• What is expected: Where the data below begins, start retyping exactly, and end on the line with "نسخه BABY-G+PLUS KUROMI", which is included; no picture goes in.

• Data provided:
━━━━━━━━━━━━━━━━
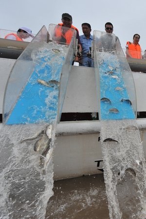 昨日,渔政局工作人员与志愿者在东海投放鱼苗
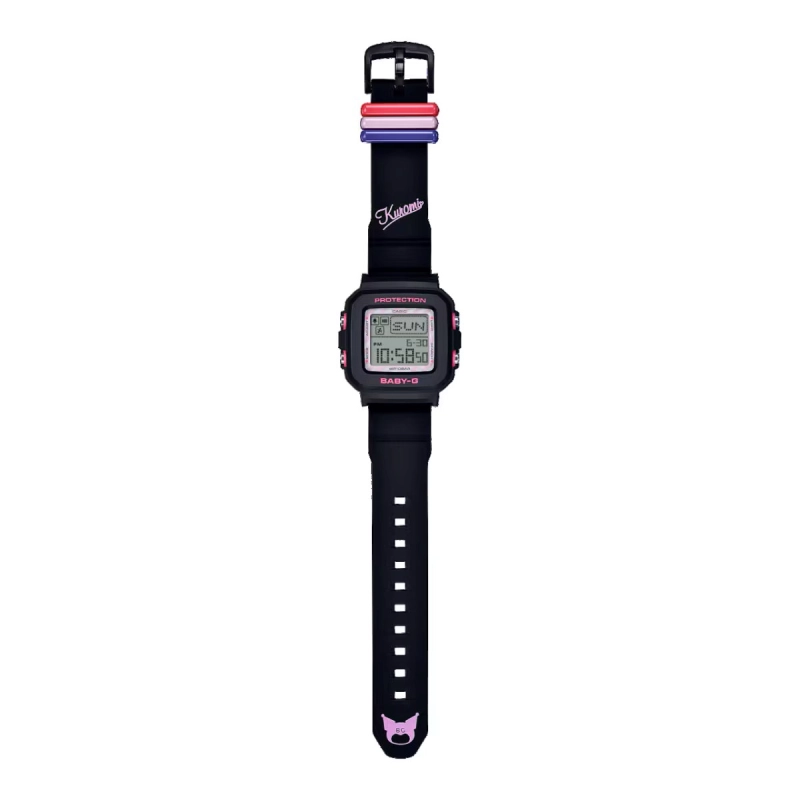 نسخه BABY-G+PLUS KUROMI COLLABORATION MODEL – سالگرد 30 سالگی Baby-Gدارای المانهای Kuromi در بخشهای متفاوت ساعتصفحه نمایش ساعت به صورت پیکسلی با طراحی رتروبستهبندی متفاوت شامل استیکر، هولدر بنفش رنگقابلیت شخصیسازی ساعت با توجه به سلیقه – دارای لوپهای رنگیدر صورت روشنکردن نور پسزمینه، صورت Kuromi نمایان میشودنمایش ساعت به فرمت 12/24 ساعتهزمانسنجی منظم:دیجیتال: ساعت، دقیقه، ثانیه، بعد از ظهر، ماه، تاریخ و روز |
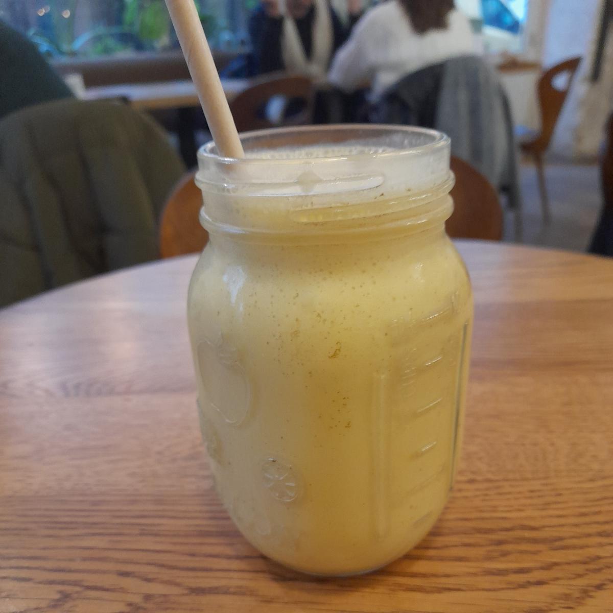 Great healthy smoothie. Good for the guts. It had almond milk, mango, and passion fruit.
━━━━━━━━━━━━━━━━
• Response below:
 昨日,渔政局工作人员与志愿者在东海投放鱼苗
 نسخه BABY-G+PLUS KUROMI COLLABORATION MODEL – سالگرد 30 سالگی Baby-Gدارای المانهای Kuromi در بخشهای متفاوت ساعتصفحه نمایش ساعت به صورت پیکسلی با طراحی رتروبستهبندی متفاوت شامل استیکر، هولدر بنفش رنگقابلیت شخصیسازی ساعت با توجه به سلیقه – دارای لوپهای رنگیدر صورت روشنکردن نور پسزمینه، صورت Kuromi نمایان میشودنمایش ساعت به فرمت 12/24 ساعتهزمانسنجی منظم:دیجیتال: ساعت، دقیقه، ثانیه، بعد از ظهر، ماه، تاریخ و روز |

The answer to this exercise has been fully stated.